His main coloring is the same shade of yellow that is used for construction vehicles.

===Personality===
Because WALL-E has been alone for 700 years, he has developed a "glitch": sentience and a personality. He has become very curious and he keeps anything interesting he can find. Even though he still obediently follows his directive, WALL-E can get distracted, collecting the trash rather than compacting it. His most prized possession, Hello, Dolly!, teaches him how to hold hands, which he considers the way to say, "I love you."

He has become very lonely, having nobody but Hal as his company, and is beginning to wonder whether there is more to life than his directive. So when he meets EVE, he quickly falls in love with her. WALL-E is very protective of EVE. When she shuts down after getting the plant, WALL-E places her on top of his transport (thinking she is charged by solar energy just as he is) and protects her from the weather waiting for her to "recharge". At the repair center, he mistakes the equipment there as trying to torture her and rushes to her aid. When EVE was frustrated and discomforted by his interventions, he is quickly remorseful about it. He also knows when to back out in dangerous situations and let EVE handle it, but still insists on following and helping her complete her directive.
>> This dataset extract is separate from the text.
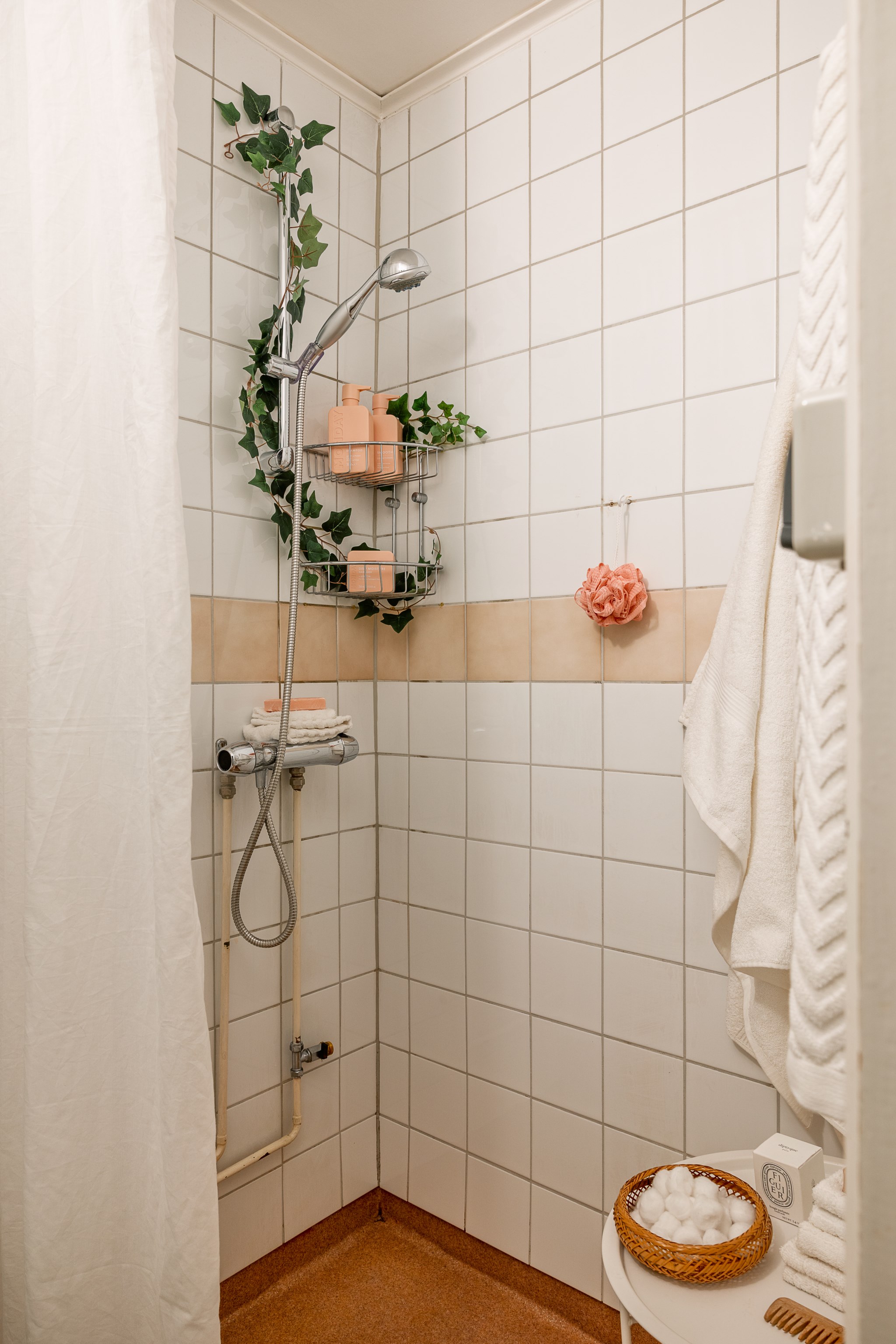 Praktiskt badrum med helkaklade väggar i vitt och duschhörna med duschdraperi. Utrustat med WC, handfat med spegelskåp samt handdukstork. Här finns även förvaringshyllor i duschen och goda upphängningsmöjligheter. Ett funktionellt badrum med ljus och fräsch känsla.

When he first learns about love, he is fascinated and wanted to find someone he loves for himself. When around EVE, he attempts to demonstrate his love for her in the best way he can, even when she didn't reciprocate her feelings at first. As the film progresses however, WALL-E is able to understand the importance of how love isn't just about holding hands, but taking time to know each other, trusting people and accepting who they are and what they are meant for.

==Reception==
Reviewing the movie, Kirk Honeycutt of The Hollywood Reporter said the film's definitive stroke of brilliance was in using a mix of archive film footage and computer graphics to trigger WALL-E's romantic leanings. He also praised Ben Burtt's sound design, saying "If there is such a thing as an aural sleight of hand, this is it."

==Recreations==
In 2012, Mike McMaster, an American robotics hobbyist, began working on his own model of WALL-E. The final product was built with more moving parts than the WALL-E which roams around Disneyland. Alongside this, both WALL-E and EVE have a presence at all the Disney Parks and Resorts as statues in the Tomorrowland areas. McMaster's four-foot robot made an appearance at the Walt Disney Family Museum and was featured during the opening week of Tested.com a project headed up by Jamie Hyneman and Adam Savage of MythBusters. Since WALL-E's creation, Mike and the popular robot have made dozens of appearances at various events.

In the same year, Mike Senna completed his own WALL-E build.